A file containing adapter sequences in the FASTA format. If specified, it will be used to trim out all adapters when the input reads are first loaded. Two files containing adapter sequences are provided in the contrib directory: adapters_no_transposase.fa and all_adapters.fa.gz. The latter must be gunzipped before it can be used.包含 FASTA 格式的接头序列的文件。如果指定,它将用于在首次加载输入读数时修剪所有适配器。 contrib 目录中提供了两个包含接头序列的文件:adapters_no_transposase.fa 和all_adapters.fa.gz。后者必须先gunzipped后才能使用。

-i, --insert INT:INT

The insert size for paired reads. The first integer is the average insert size for the paired reads and the second integer is the standard deviation of the insert sizes. MHM2 will automatically attempt to compute these values so this parameter is usually not necessary. However, there are certain cases where it may be useful, for example, if MHM2 prints a warning about being unable to compute the insert size because of the nature of the reads, or if only doing scaffolding. MHM2 will also compare its computed value to any option set on the command line and print a warning if the two differ significantly; this is useful for confirming assumptions about the insert sise distribution.配对读取的插入大小。第一个整数是配对读取的平均插入大小,第二个整数是插入大小的标准偏差。 MHM2 将自动尝试计算这些值,因此通常不需要此参数。然而,在某些情况下它可能有用,例如,如果 MHM2 打印一条警告,提示由于读取的性质而无法计算插入大小,或者仅进行脚手架。 MHM2 还将其计算值与命令行上设置的任何选项进行比较,如果两者差异显着,则打印警告;这对于确认有关插入尺寸分布的假设很有用。

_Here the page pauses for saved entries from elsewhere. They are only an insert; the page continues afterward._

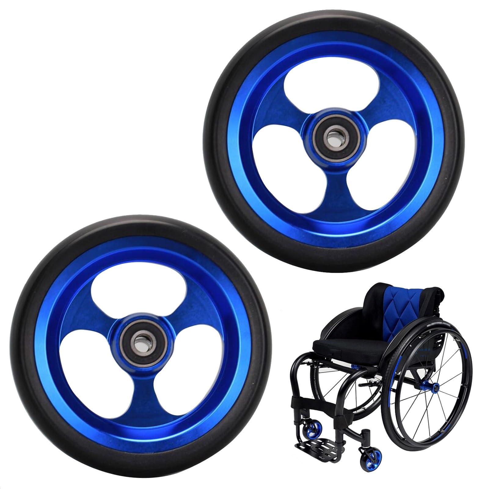 - Set of 2 Wheelchair front wheels: PU solid tires with puncture-proof, wear-resistant, anti-slip, shock-absorbing and other features.
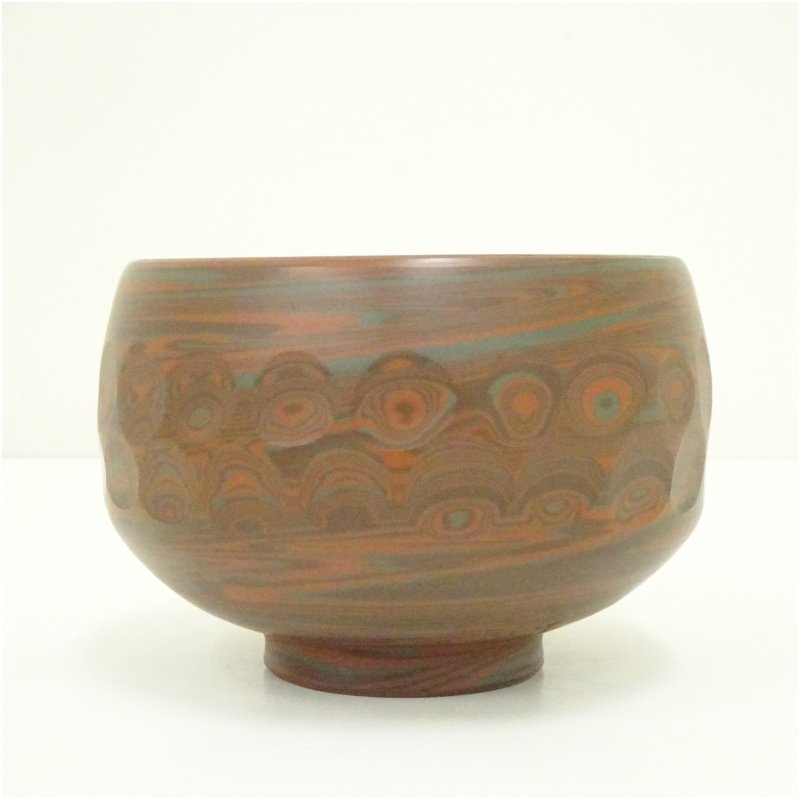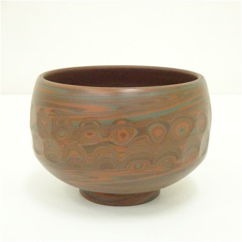 常滑焼 作家物 練上茶碗(箱付) [13-250616c-027a]
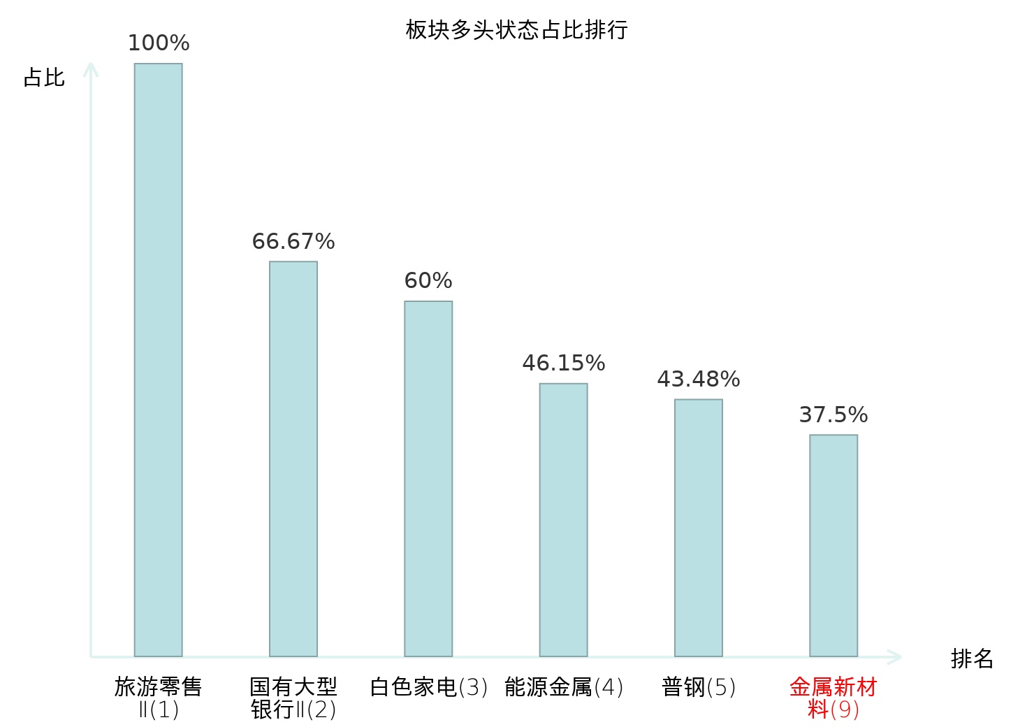 全市场所有行业板块中主力多头状态占比排名中,旅游零售Ⅱ板块位居第一。光学光电子板块名次提升最快,较昨日上升59位。
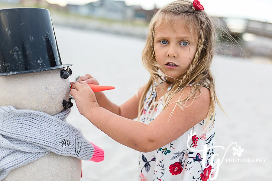 Your kids will decorate the beach snowman with a selection of fun props I provide, or you’re welcome to bring your own special touches to make it personal. The experience feels more like playtime than picture day, which makes for natural, joy-filled photos you’ll treasure for years to come.

-k, --kmer-lens INT,INT,...

The k-mer lengths used for the contigging rounds. MHM2 performs one or more contigging rounds, each of which performs k-mer counting, followed by a deBruijn graph traversal, then alignment and local assembly to extend the contigs. Typically, multiple rounds are used with increasing values of k; the shorter values are useful for low abundance genomes, whereas the longer k values are useful for resolving repeats. This option defaults to -k 21,33,55,77,99, which is fine for reads of length 150. For shorter or longer reads, it may be a good idea to adjust these values, for example, for reads of length 101, a better set is usually -k 21,33,47,63. Also, each round of contigging takes time, so the overall assembly time an be reduced by reducing the number of rounds, although this will likely reduce the quality of the final assembly.用于重叠轮次的 k 聚体长度。 MHM2 执行一轮或多轮重叠群,每一轮执行 k 聚体计数,然后进行 deBruijn 图遍历,然后进行比对和局部组装以扩展重叠群。通常,随着 k 值的增加,使用多轮;较短的值对于低丰度基因组有用,而较长的 k 值对于解决重复很有用。此选项默认为 -k 21,33,55,77,99,这对于长度为 150 的读取来说很好。对于较短或较长的读取,调整这些值可能是一个好主意,例如,对于长度为 101 的读取,更好的设置通常是-k 21,33,47,63。此外,每轮重叠都需要时间,因此可以通过减少轮数来减少总装配时间,尽管这可能会降低最终装配的质量。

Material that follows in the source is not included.